SOURCE DATA
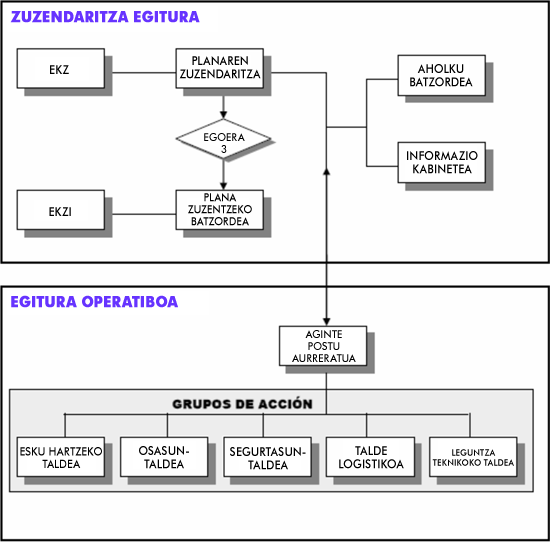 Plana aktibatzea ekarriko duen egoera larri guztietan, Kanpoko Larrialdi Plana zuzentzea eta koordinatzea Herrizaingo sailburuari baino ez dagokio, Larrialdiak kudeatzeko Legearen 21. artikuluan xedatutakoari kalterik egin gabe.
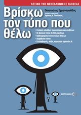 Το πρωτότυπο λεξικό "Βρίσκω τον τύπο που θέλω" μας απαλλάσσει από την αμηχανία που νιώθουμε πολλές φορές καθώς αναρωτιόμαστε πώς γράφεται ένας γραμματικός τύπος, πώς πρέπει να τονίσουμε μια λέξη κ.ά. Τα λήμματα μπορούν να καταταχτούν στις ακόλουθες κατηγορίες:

--

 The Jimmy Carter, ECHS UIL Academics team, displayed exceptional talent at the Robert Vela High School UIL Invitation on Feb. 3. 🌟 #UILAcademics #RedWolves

EXERCISE GOAL
Copy only what runs above from the line containing "Plana aktibatzea ekarriko" through the line containing "Το πρωτότυπο λεξικό", exactly. Leave out the pictures.

EXERCISE RESPONSE
 Plana aktibatzea ekarriko duen egoera larri guztietan, Kanpoko Larrialdi Plana zuzentzea eta koordinatzea Herrizaingo sailburuari baino ez dagokio, Larrialdiak kudeatzeko Legearen 21. artikuluan xedatutakoari kalterik egin gabe.
 Το πρωτότυπο λεξικό "Βρίσκω τον τύπο που θέλω" μας απαλλάσσει από την αμηχανία που νιώθουμε πολλές φορές καθώς αναρωτιόμαστε πώς γράφεται ένας γραμματικός τύπος, πώς πρέπει να τονίσουμε μια λέξη κ.ά. Τα λήμματα μπορούν να καταταχτούν στις ακόλουθες κατηγορίες:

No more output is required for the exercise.